+++ Data supplied +++
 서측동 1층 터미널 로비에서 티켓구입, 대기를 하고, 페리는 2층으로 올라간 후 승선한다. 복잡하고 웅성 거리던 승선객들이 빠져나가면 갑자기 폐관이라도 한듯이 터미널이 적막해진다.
+++
+++ Data supplied +++
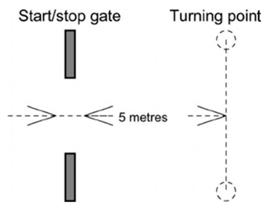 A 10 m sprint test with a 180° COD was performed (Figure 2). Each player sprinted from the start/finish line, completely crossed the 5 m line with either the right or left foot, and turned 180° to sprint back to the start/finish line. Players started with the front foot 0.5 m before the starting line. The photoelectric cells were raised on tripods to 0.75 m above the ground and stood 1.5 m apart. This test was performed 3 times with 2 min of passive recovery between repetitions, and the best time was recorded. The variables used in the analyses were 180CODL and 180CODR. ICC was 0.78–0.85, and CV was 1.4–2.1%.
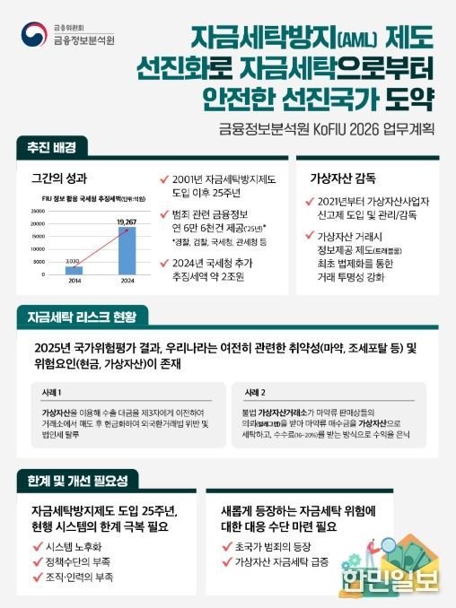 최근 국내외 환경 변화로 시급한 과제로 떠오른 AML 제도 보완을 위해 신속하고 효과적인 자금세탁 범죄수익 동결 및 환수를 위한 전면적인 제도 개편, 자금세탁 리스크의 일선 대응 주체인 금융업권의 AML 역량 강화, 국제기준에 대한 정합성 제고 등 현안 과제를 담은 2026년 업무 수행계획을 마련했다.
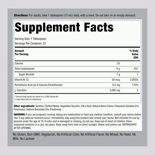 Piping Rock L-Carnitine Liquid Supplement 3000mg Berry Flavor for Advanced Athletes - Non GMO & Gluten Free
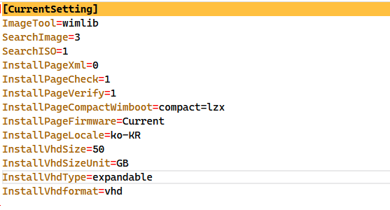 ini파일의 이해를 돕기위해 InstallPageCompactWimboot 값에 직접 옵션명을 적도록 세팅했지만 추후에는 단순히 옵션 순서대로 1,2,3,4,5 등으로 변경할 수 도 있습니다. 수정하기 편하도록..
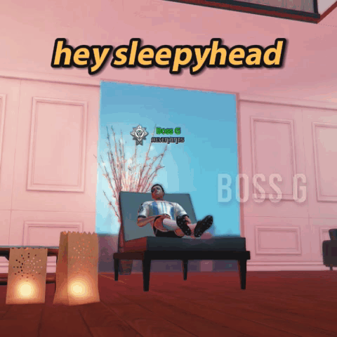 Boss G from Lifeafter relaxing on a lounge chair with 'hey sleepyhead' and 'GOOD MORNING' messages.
+++
- **Assignment**
All lines above starting at the one with "최근 국내외 환경 변화로" and ending at the one with "Boss G from", inclusive, are to be printed again exactly, with the pictures left out.

- **Answer section**
 최근 국내외 환경 변화로 시급한 과제로 떠오른 AML 제도 보완을 위해 신속하고 효과적인 자금세탁 범죄수익 동결 및 환수를 위한 전면적인 제도 개편, 자금세탁 리스크의 일선 대응 주체인 금융업권의 AML 역량 강화, 국제기준에 대한 정합성 제고 등 현안 과제를 담은 2026년 업무 수행계획을 마련했다.
 Piping Rock L-Carnitine Liquid Supplement 3000mg Berry Flavor for Advanced Athletes - Non GMO & Gluten Free
 ini파일의 이해를 돕기위해 InstallPageCompactWimboot 값에 직접 옵션명을 적도록 세팅했지만 추후에는 단순히 옵션 순서대로 1,2,3,4,5 등으로 변경할 수 도 있습니다. 수정하기 편하도록..
 Boss G from Lifeafter relaxing on a lounge chair with 'hey sleepyhead' and 'GOOD MORNING' messages.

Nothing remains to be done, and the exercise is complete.